DATA Block Start

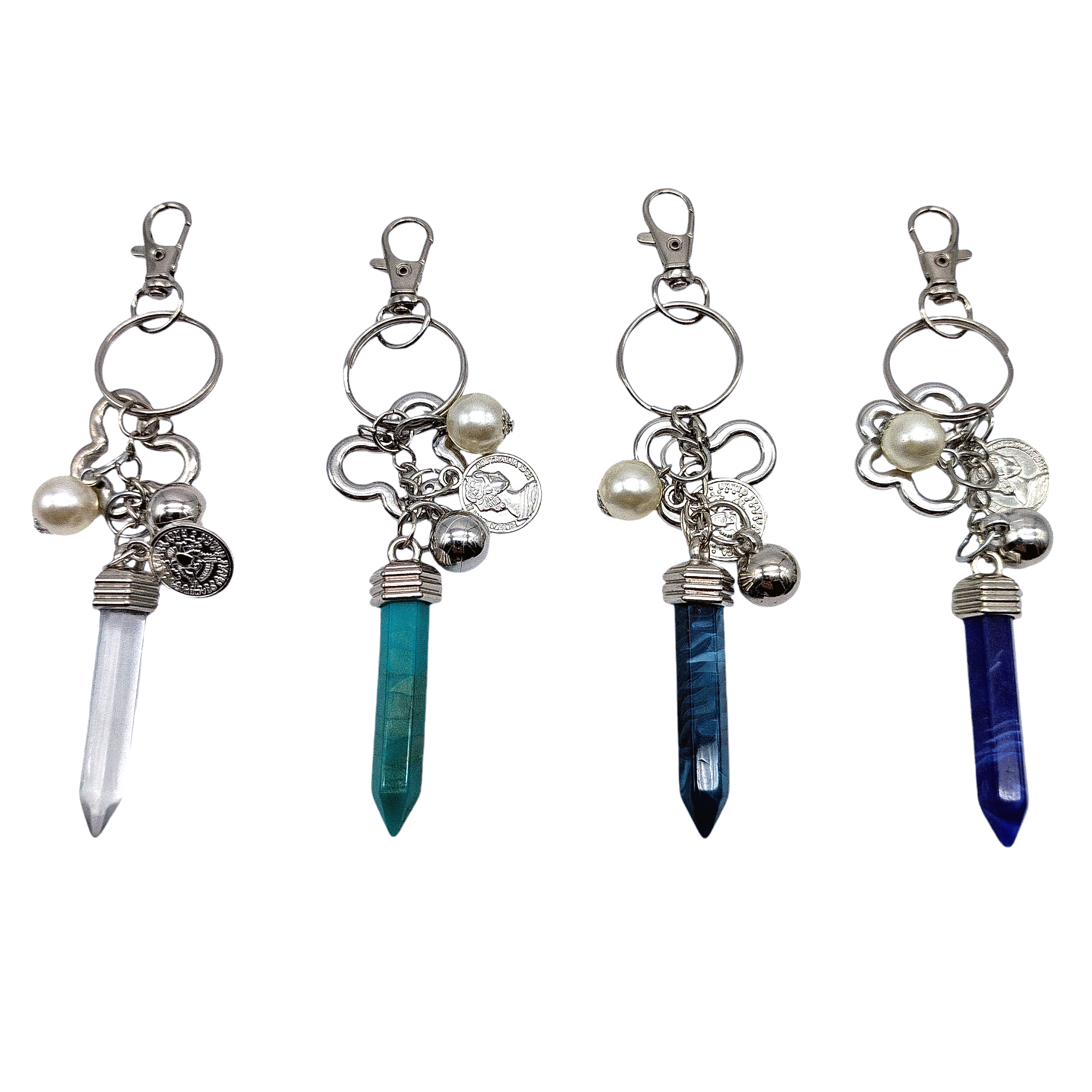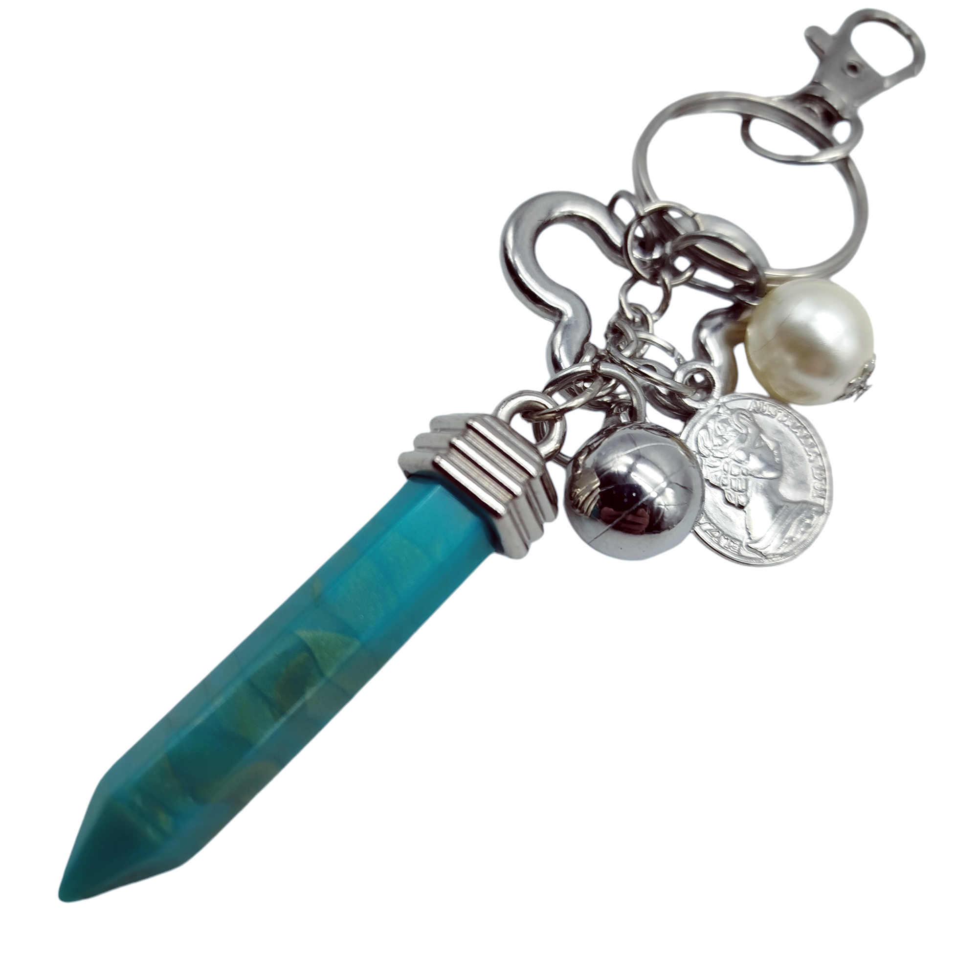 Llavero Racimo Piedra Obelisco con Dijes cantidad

DATA Block End
DATA Block Start

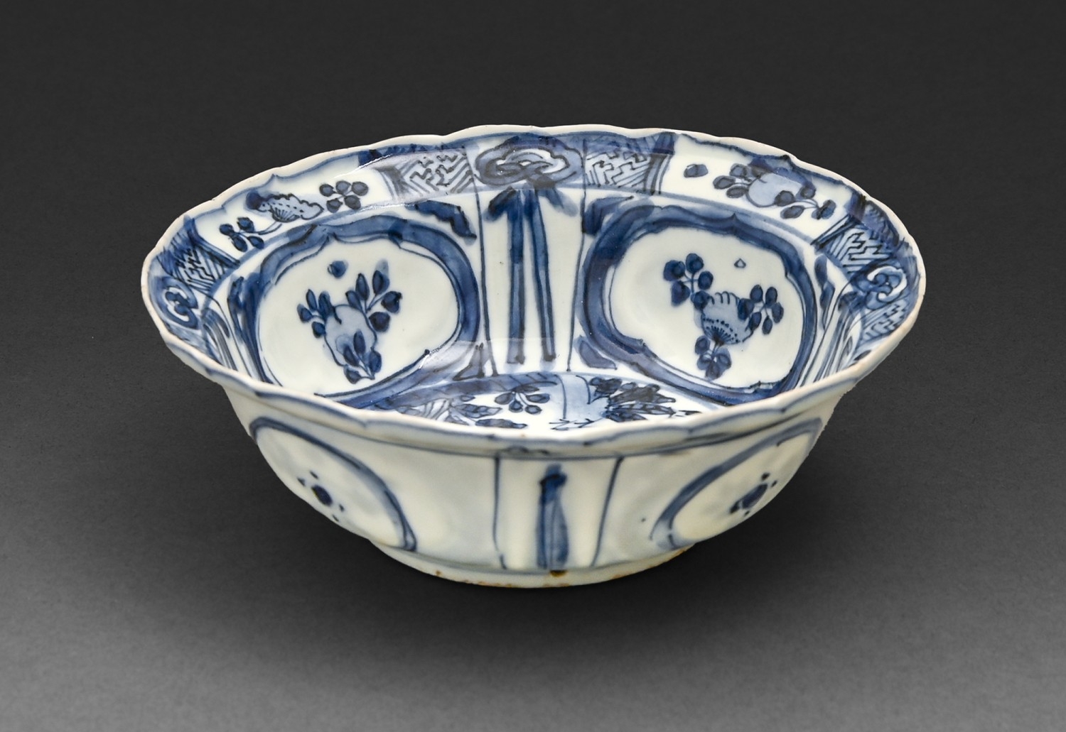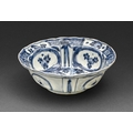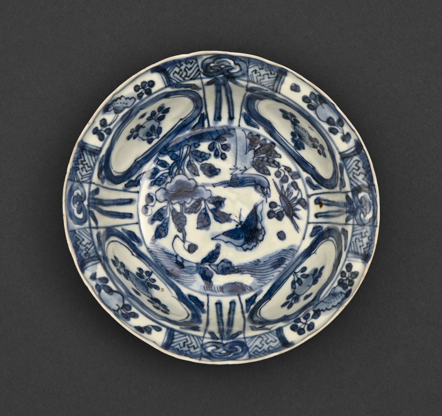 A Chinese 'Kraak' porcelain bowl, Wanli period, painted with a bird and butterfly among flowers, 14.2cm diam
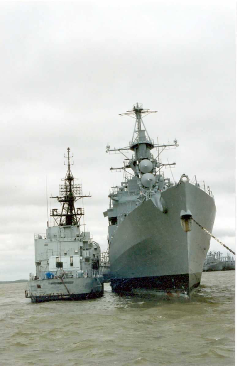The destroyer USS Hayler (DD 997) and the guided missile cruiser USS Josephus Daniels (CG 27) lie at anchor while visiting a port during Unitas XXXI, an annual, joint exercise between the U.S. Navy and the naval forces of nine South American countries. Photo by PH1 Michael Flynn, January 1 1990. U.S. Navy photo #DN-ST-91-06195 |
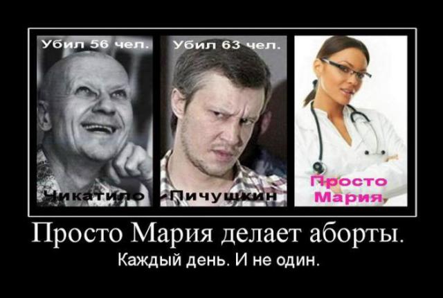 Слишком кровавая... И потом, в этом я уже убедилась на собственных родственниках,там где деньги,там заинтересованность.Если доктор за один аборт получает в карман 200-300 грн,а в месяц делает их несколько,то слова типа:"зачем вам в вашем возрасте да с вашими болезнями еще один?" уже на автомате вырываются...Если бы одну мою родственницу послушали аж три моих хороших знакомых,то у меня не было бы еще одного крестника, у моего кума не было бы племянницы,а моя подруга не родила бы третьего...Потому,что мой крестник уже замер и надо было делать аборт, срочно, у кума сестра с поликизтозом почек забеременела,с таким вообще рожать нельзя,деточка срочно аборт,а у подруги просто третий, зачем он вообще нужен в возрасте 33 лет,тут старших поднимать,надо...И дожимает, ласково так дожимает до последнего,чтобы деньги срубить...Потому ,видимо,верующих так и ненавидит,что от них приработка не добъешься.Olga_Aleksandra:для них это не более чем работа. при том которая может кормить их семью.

DATA Block End
DATA Block Start

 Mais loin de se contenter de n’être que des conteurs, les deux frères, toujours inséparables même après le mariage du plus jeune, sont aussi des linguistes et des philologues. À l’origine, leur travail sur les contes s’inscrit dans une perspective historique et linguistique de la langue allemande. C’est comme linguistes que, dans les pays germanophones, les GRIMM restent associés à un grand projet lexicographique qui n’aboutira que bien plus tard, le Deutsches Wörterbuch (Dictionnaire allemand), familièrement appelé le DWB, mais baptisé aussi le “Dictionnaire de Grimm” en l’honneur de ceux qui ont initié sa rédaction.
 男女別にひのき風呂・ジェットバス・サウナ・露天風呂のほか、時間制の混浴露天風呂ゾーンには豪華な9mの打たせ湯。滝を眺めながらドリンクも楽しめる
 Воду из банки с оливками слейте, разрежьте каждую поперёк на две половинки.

DATA Block End

**TO DO:** Would you give again, exactly, the lines in the data above that run from the line containing "The destroyer USS" to the line containing "Слишком кровавая... И"? Include both ends and no pictures.

**TASK RESULT:**
The destroyer USS Hayler (DD 997) and the guided missile cruiser USS Josephus Daniels (CG 27) lie at anchor while visiting a port during Unitas XXXI, an annual, joint exercise between the U.S. Navy and the naval forces of nine South American countries. Photo by PH1 Michael Flynn, January 1 1990. U.S. Navy photo #DN-ST-91-06195 |
 Слишком кровавая... И потом, в этом я уже убедилась на собственных родственниках,там где деньги,там заинтересованность.Если доктор за один аборт получает в карман 200-300 грн,а в месяц делает их несколько,то слова типа:"зачем вам в вашем возрасте да с вашими болезнями еще один?" уже на автомате вырываются...Если бы одну мою родственницу послушали аж три моих хороших знакомых,то у меня не было бы еще одного крестника, у моего кума не было бы племянницы,а моя подруга не родила бы третьего...Потому,что мой крестник уже замер и надо было делать аборт, срочно, у кума сестра с поликизтозом почек забеременела,с таким вообще рожать нельзя,деточка срочно аборт,а у подруги просто третий, зачем он вообще нужен в возрасте 33 лет,тут старших поднимать,надо...И дожимает, ласково так дожимает до последнего,чтобы деньги срубить...Потому ,видимо,верующих так и ненавидит,что от них приработка не добъешься.Olga_Aleksandra:для них это не более чем работа. при том которая может кормить их семью.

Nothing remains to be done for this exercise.